Value of combined adjuvant chemotherapy and radiation on survival for stage III uterine cancer

is less radiation equal to more?

Chiachien Jake Wang, Alana Christie, Michael R Folkert, Xian-Jin Xie, Kevin Albuquerque

Research output: Contribution to journalArticle

1 Citation (Scopus)

Abstract

OBJECTIVE: Locally advanced endometrioid adenocarcinoma (LA-EAC) accounts for the majority of deaths for this cancer, yet there is no consensus on adjuvant treatment after surgery. Past studies suggest that combined modality treatment (CMT) may improve outcomes over treatment with chemotherapy (CT) or radiation therapy (RT, either external beam radiotherapy [EBRT] or vaginal brachytherapy [VBT]) alone. Using a large US-based population-based registry, we evaluated adjuvant CMT in LA-EAC and the relative benefit of regional EBRT compared to focused VBT. METHODS: We studied patients diagnosed with Stage III LA-EAC between 2004 and 2013 from the National Cancer Data Base (NCDB).

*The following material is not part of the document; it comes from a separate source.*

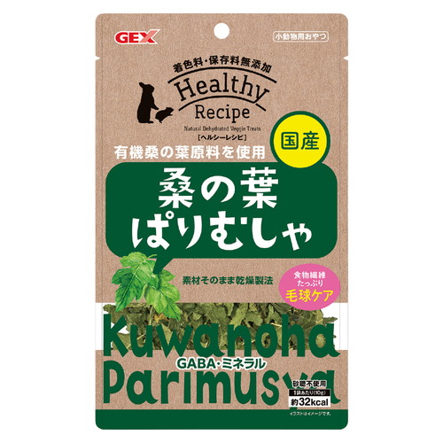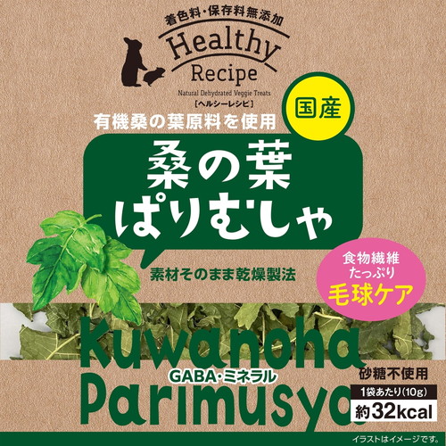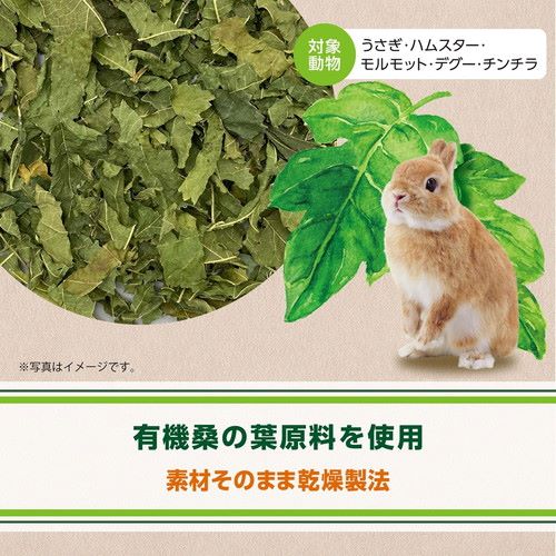 国内で手摘みと無農薬にこだわって大切に育てられた、国産有機桑の葉原料を使用。桑はクワ科の広葉樹で、葉の部分にはGABAやミネラルなどの栄養素が豊富に含まれており、嗜好性も抜群の素材です。●Healthy Recipe(ヘルシーレシピ)は、天然素材をそのままシンプルに乾燥させた、砂糖・着色料・保存料不使用の、安心してうさぎや小動物に与えられるおやつです。●国産●GABA、ミネラル●食物繊維たっぷり毛球ケア
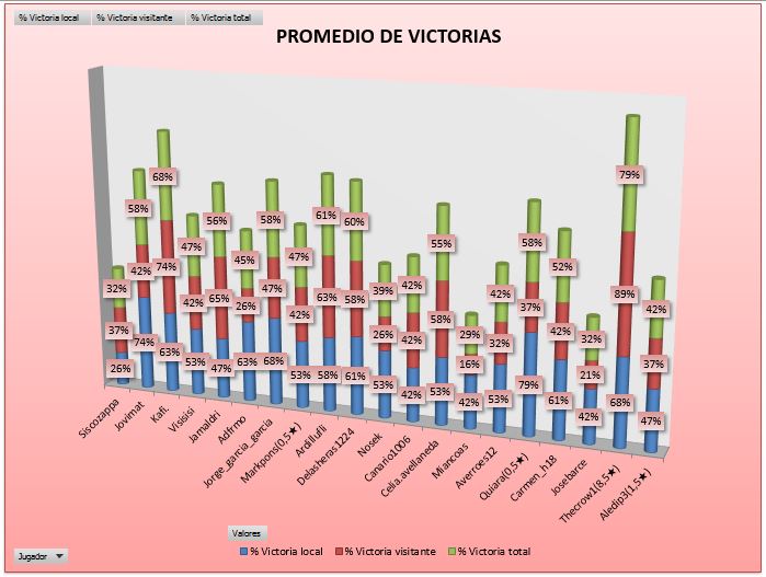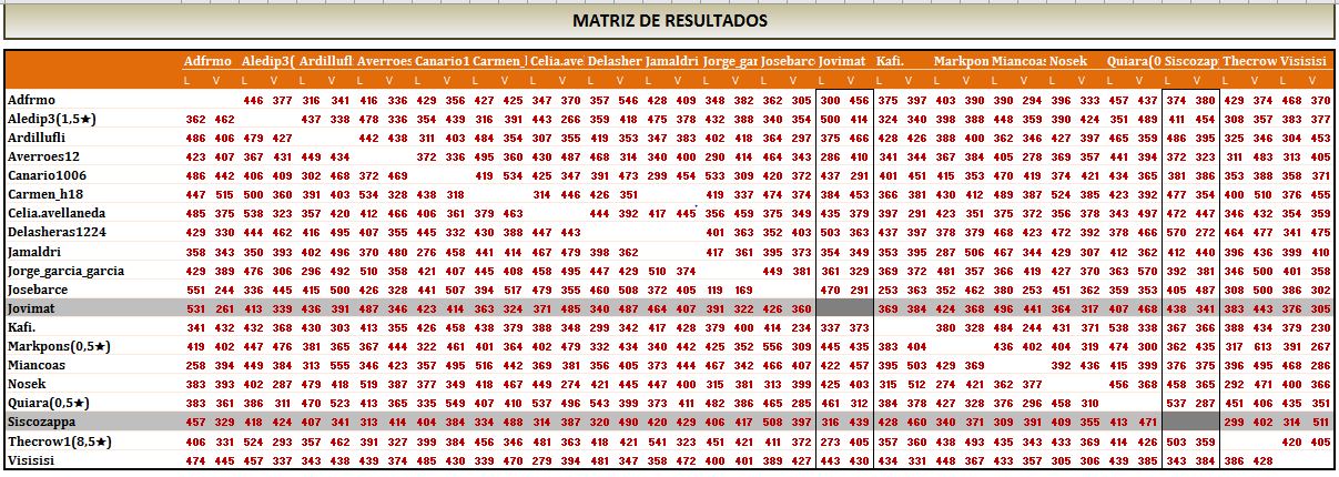 En la matriz puedes ver los resultados y los jugadores a los que les falta algún resultado pero nunca ha sido dicho jugador

We used Cox regression and a log-rank test to assess survival based on treatment with CT alone, EBRT alone, VBT alone, or CMT with EBRT and/or VBT. We used a χ² test to compare covariates between patients receiving CMT with EBRT or VBT. RESULTS: Patients who received CMT had better survival than those who received CT or EBRT/VBT alone. Compared to CMT with VBT, patients who received CMT with EBRT were slightly older and had more advanced-stage or positive nodes, and fewer had lymph node surgery. We found no survival difference between CMT with EBRT and CMT with VBT even when categorizing patients as high or low risk according to age, grade, and stage (low-risk p=0.3460; high-risk p=0.2158). CONCLUSION: CMT was associated with superior survival outcomes compared to monotherapy. We observed no survival difference between radiation modalities in CMT, which highlights the effectiveness of a more focused treatment like brachytherapy.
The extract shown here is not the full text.